Nostromo's relation to the cargadores and natives parallels Gould's position with the aristocrats. Both are motivated by intense vanity that is related to their need to compensate for a disrupted family. Both rely on taciturnity and detachment to maintain that position, and both are treated almost like royalty by obsequious followers because of the power they are perceived to hold. When Nostromo gradually drifts into bondage to the treasure, he becomes Gould's double. The terms on which he rebels only establish the dominance of the paternity of material interests. He wants to overthrow the flourishing regime he helped to establish. He supports a socialist party that seeks to undermine the authority figures whom he allowed to become his political fathers in place of Viola; he wants to assuage his guilt for betraying the trust of the people, specifically the cargadores, even though Sulaco's prosperity has clearly brought tangible benefits to the people. His rightful name, Fidanza, is an ironic suggestion of fidanza, the Italian word for confidence, the quality for which he is recognized by others but which in its most profound sense he lacks, and of the Latin root, fidelitas, or loyalty, the value he has implicitly renounced.

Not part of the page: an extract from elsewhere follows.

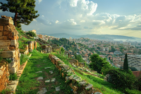 Overlooking the modern city of annaba, the ancient roman ruins blend seamlessly with the lush green landscape. the historic architectural remnants and scattered stone pathways evoke a sense of timelessness under a vibrant, cloud-filled sky.

Gould's libidinous energies are engaged by the mine instead of by his relationship to his wife. The first silver that the mine produces is described in terms that suggest a demonic birth. In what might now be seen as an instance of Conrad's awareness of the commodification of women, Mrs. Gould is midwife to silver rather than mother to children. -704-
Just as the uncorrupted waterfall becomes galvanized into a silver-fall, Gould's sexual substance becomes a stream of silver and his offspring a lump of silver. Mrs. Gould has sublimated her sexual needs and has tacitly permitted the production of the silver to become Gould's homage to her and to substitute for intercourse. The result is not only a childless marriage but her becoming a lonely, isolated, sexually frustrated woman. Potentially tender moments climax not with intimacy but with Gould's return to the mine at night. The spongy lump grows into a wall that divides her from her husband.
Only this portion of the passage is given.